### Instructions to follow
Your job is to print, exactly, the lines in the data below from the line with "根據(jù)現(xiàn)場" through the line with "Mexen Enzo granitinė", both included, and to omit any picture.

### Records supplied
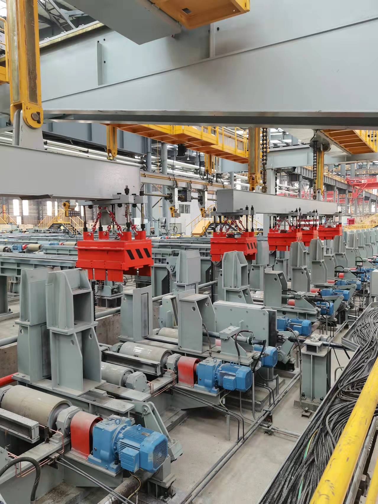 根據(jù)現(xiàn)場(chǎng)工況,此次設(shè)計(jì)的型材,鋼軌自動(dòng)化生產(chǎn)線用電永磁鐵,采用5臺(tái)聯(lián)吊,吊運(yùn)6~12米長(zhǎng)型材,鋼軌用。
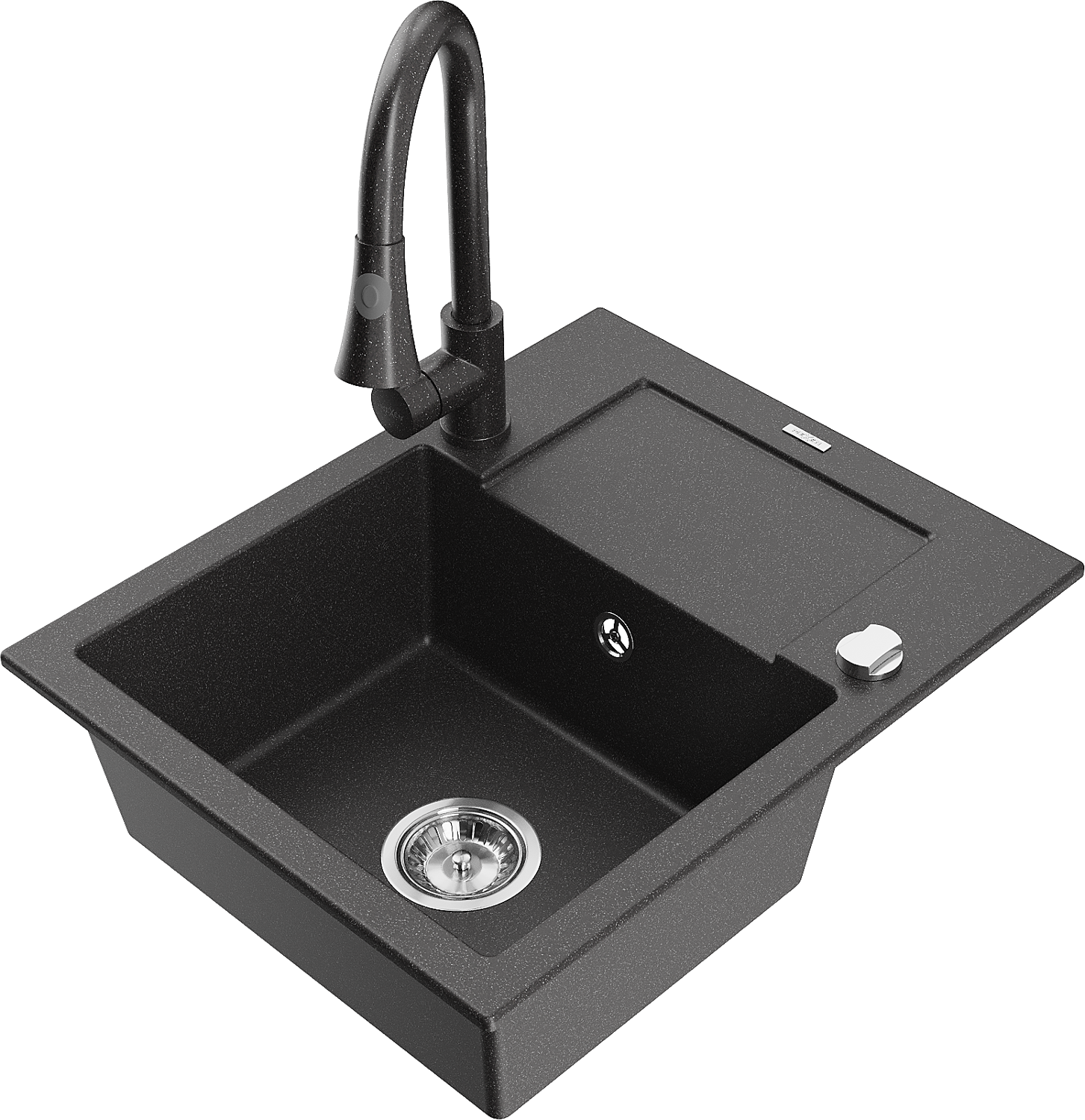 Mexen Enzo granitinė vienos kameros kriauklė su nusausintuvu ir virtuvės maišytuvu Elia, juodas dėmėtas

---

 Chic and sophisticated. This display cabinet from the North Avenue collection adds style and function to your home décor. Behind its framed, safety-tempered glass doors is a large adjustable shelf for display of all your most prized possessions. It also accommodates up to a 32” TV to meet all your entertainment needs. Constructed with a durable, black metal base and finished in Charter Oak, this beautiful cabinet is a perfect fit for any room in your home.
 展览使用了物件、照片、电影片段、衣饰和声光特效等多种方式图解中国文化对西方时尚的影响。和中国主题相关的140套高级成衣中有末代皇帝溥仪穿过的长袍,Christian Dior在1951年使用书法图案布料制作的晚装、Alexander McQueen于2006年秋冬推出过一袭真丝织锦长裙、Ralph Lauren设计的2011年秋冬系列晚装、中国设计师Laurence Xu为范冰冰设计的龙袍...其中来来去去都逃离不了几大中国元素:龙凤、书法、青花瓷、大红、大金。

---

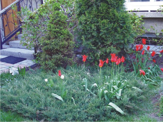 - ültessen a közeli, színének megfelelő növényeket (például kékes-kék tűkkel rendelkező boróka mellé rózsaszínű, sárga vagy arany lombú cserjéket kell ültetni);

### Expected answer
 根據(jù)現(xiàn)場(chǎng)工況,此次設(shè)計(jì)的型材,鋼軌自動(dòng)化生產(chǎn)線用電永磁鐵,采用5臺(tái)聯(lián)吊,吊運(yùn)6~12米長(zhǎng)型材,鋼軌用。
 Mexen Enzo granitinė vienos kameros kriauklė su nusausintuvu ir virtuvės maišytuvu Elia, juodas dėmėtas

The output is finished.